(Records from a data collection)
▬▬▬
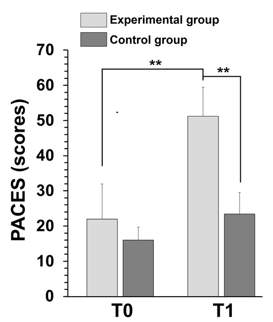 PA enjoyment was assessed using the PACES. Statistical analysis revealed a greater group effect (p = 0.004) and time effect (p = 0.002) in the experimental group compared to the control group. A significant interaction between group and time was observed (p = 0.005), with raw scores improving in both experimental conditions. After 8 weeks of intervention and rehabilitation, PACES scores were very high in the experimental group compared to the control group (p = 0.001). Similarly, scores improved significantly in the experimental group post-intervention (p = 0.002) (Figure 3).
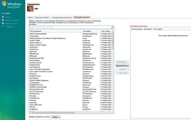 на вкладке «Запрещенные программы» нажмите кнопку «Обзор» и выберите bubble.exe. В левом списке программ выберите «Всплывающие сообщения Windows SteadyState» и нажмите кнопку «Блокировать». Это позволит предотвратить сохранения изменений в файле кэша (который будет удален защитой диска Windows) пользователем с ограниченными правами администратора;
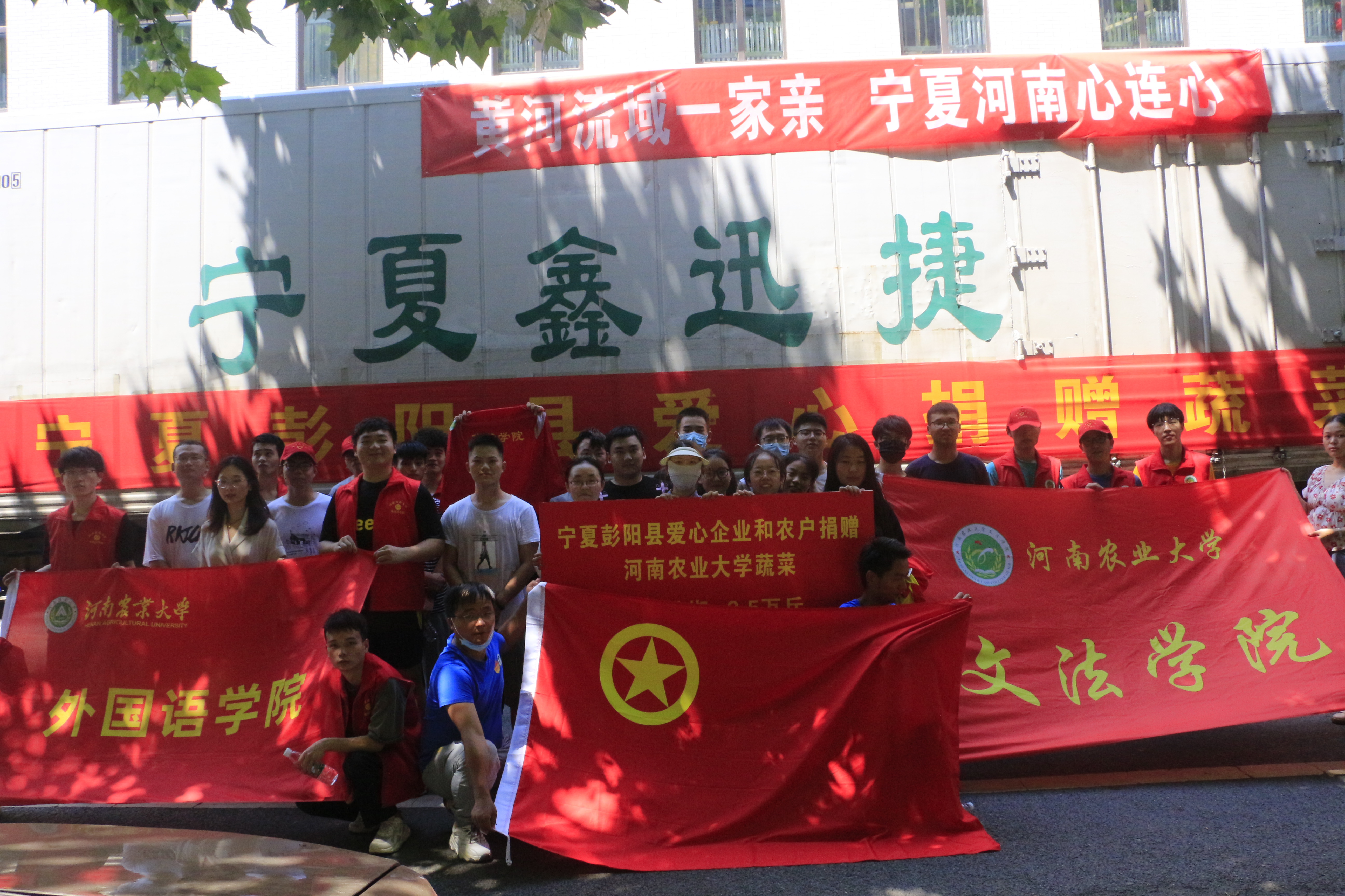 宁夏彭阳县农业农村局高级农艺师惠浩剑,彭阳县红河镇常沟村党支部书记王爱彬等一行4人,带着宁夏人民对河南人民的深情厚谊,经过连夜驱车奔波,将宁夏爱心企业和彭阳县农户捐赠的满满一卡车蔬菜运送到我校。校团委组织青年突击队、青年志愿者服务队经过三个多小时的紧张工作,终于将全部蔬菜卸货到指定地点。洪水无情,人间有爱,在学校防汛救灾的紧要关头,宁夏人民千里送菜,给予了全校师生战胜困难的坚定信心。(撰文/冯帅 审核/毛会坡 发布/冯瀚瀚)
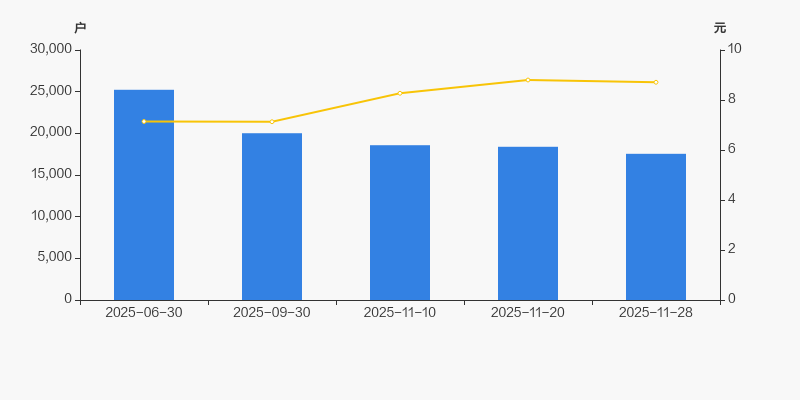 自2025年6月30日以来,公司股东户数连续4期下降,截至目前减幅为30.46%。2025年6月30日至2025年11月28日区间股价上涨21.99%。
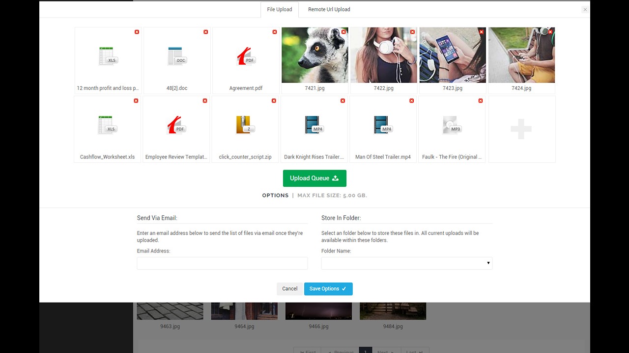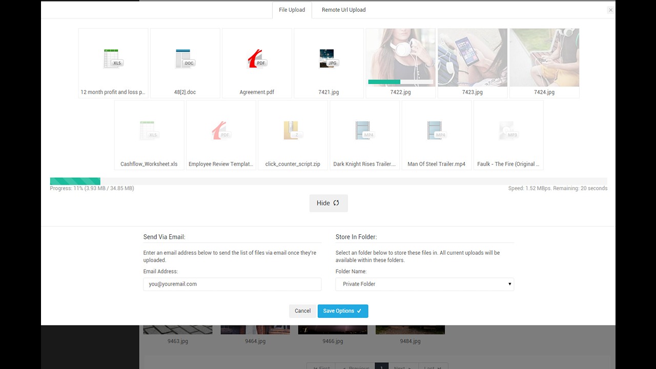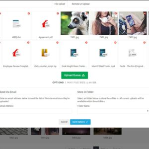 - Multi-file uploader with progress. 10GB+ filesize supported.
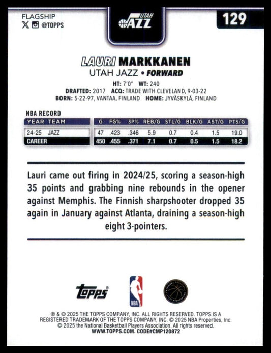 2025-26 Topps Lauri Markkanen #129 Utah Jazz Basketball Card NBA Sports
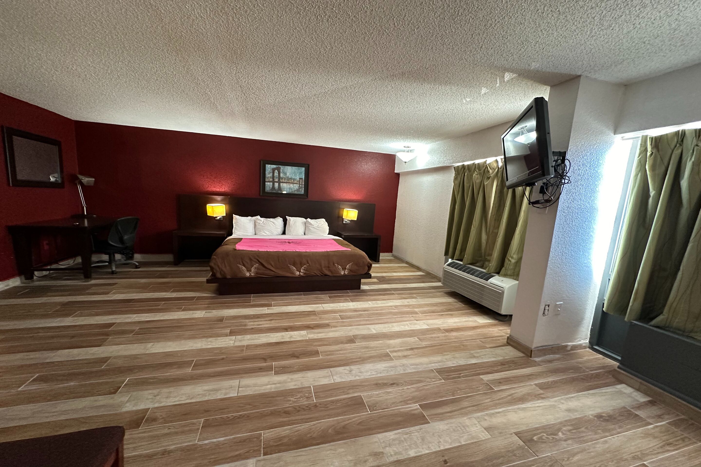 - "It was a great experience!!! No bugs!!! Quiet, clean and surround by restaurants." - "It was nice" - "I arrived with my Emotional Support Animal and they were not sure of the policy but other than than my stay was perfect. " - "I am happy with the stay and price" - "good amenities ant decent price " - "Cozy and clean with good price" - "Nice room and great location." - "Really liked it." - "Overall the space was good for the price and location, just some small things I wish was where better This was my first hotel I have booked myself, it was simple and the front desk people were nice and helpful. The room was mostly clean, inside the trash cans were dirty and needed a desperate scrub. There was also something on the floor near the bed and something melted onto the dresser infront of the tv. There was a bottle cap in a dresser drawer. The bed was okay but the pillows are hard and the toilet paper was rough and thin. The shower head is fixed to the wall, presser was okay but it was on blast mode and had to figure out how to change it to be more gentle. Temperature in the shower was also good. One lamp by the bed had no bulb and was loose fitting. It was nice and quiet and a good amount of space"
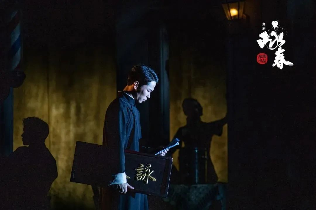 從影業(yè)公司到武館街,再到香云紗制作田間,時空在投影變換與置景慢轉(zhuǎn)中流暢轉(zhuǎn)換,“戲中”與“戲外”的兩個世界也得以在同一舞臺無縫切換。
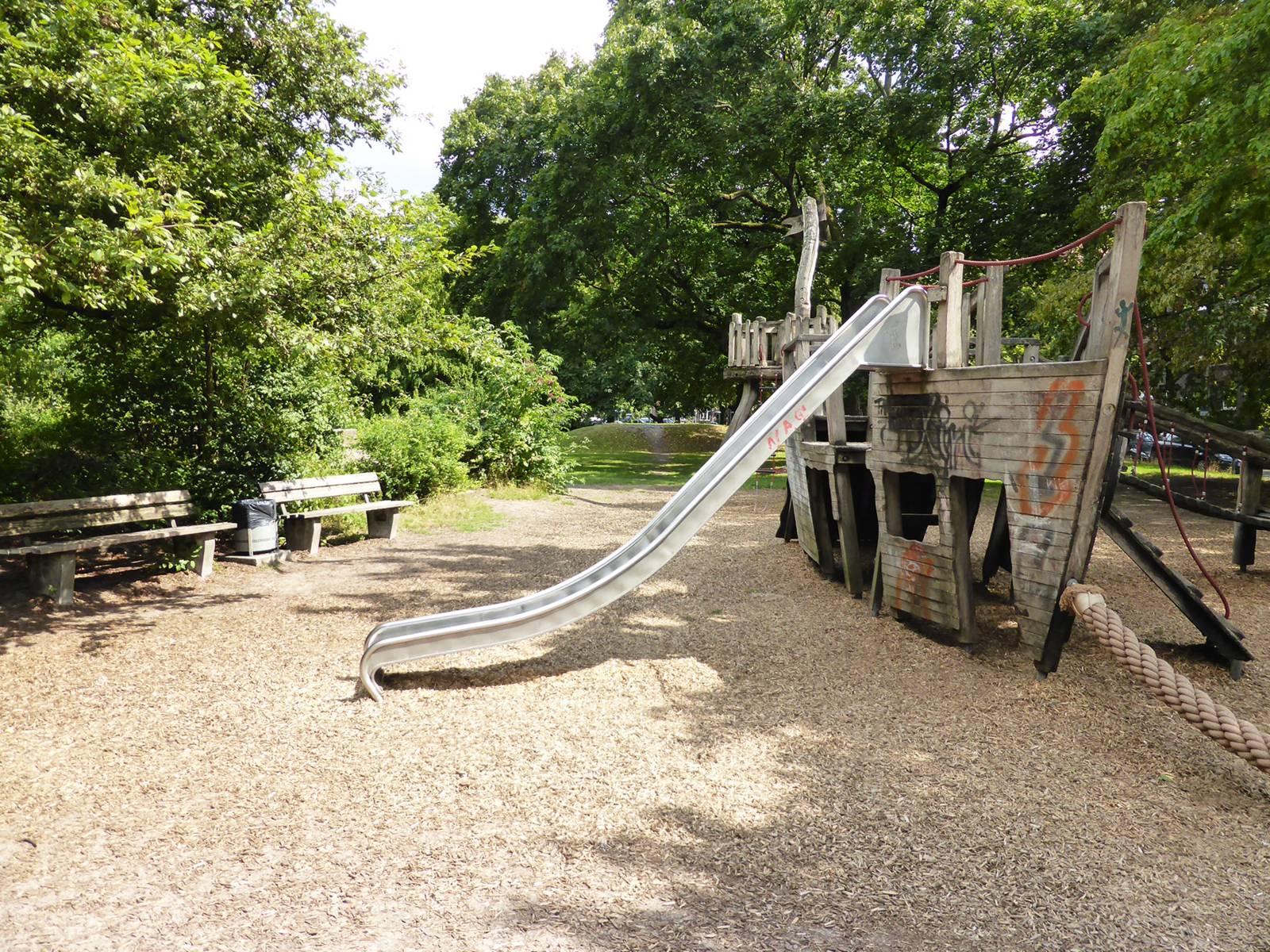 Insbesondere die Spielangebote aus Holz sind zum Teil in die Jahre gekommen und werden ersetzt. Ebenfalls in Planung befindet sich die direkt östlich angrenzende Grünfläche mit ihrem wertvollen Baumbestand, den Belägen aus Klinkerpflaster und verschiedenen gestalteten Beetflächen mit Sitzangeboten. Dieser Bereich ist durch das Wachstum der Baumwurzeln in Teilen der befestigten Flächen beschädigt. Eine Sanierung mit teilweiser Entsiegelung und der Neuordnung der Aufenthaltsbereiche, unter besonderer Berücksichtigung des wertvollen Baumbestandes, ist das Ziel der Erneuerung.
▬▬▬
Your objective. Among the entries above, find the line with "ограниченными правами администратора;" and repeat exactly from there through the line with "2025-26 Topps Lauri", leaving out the pictures.

Answer space.
 на вкладке «Запрещенные программы» нажмите кнопку «Обзор» и выберите bubble.exe. В левом списке программ выберите «Всплывающие сообщения Windows SteadyState» и нажмите кнопку «Блокировать». Это позволит предотвратить сохранения изменений в файле кэша (который будет удален защитой диска Windows) пользователем с ограниченными правами администратора;
 宁夏彭阳县农业农村局高级农艺师惠浩剑,彭阳县红河镇常沟村党支部书记王爱彬等一行4人,带着宁夏人民对河南人民的深情厚谊,经过连夜驱车奔波,将宁夏爱心企业和彭阳县农户捐赠的满满一卡车蔬菜运送到我校。校团委组织青年突击队、青年志愿者服务队经过三个多小时的紧张工作,终于将全部蔬菜卸货到指定地点。洪水无情,人间有爱,在学校防汛救灾的紧要关头,宁夏人民千里送菜,给予了全校师生战胜困难的坚定信心。(撰文/冯帅 审核/毛会坡 发布/冯瀚瀚)
 自2025年6月30日以来,公司股东户数连续4期下降,截至目前减幅为30.46%。2025年6月30日至2025年11月28日区间股价上涨21.99%。
 - Multi-file uploader with progress. 10GB+ filesize supported.
 2025-26 Topps Lauri Markkanen #129 Utah Jazz Basketball Card NBA Sports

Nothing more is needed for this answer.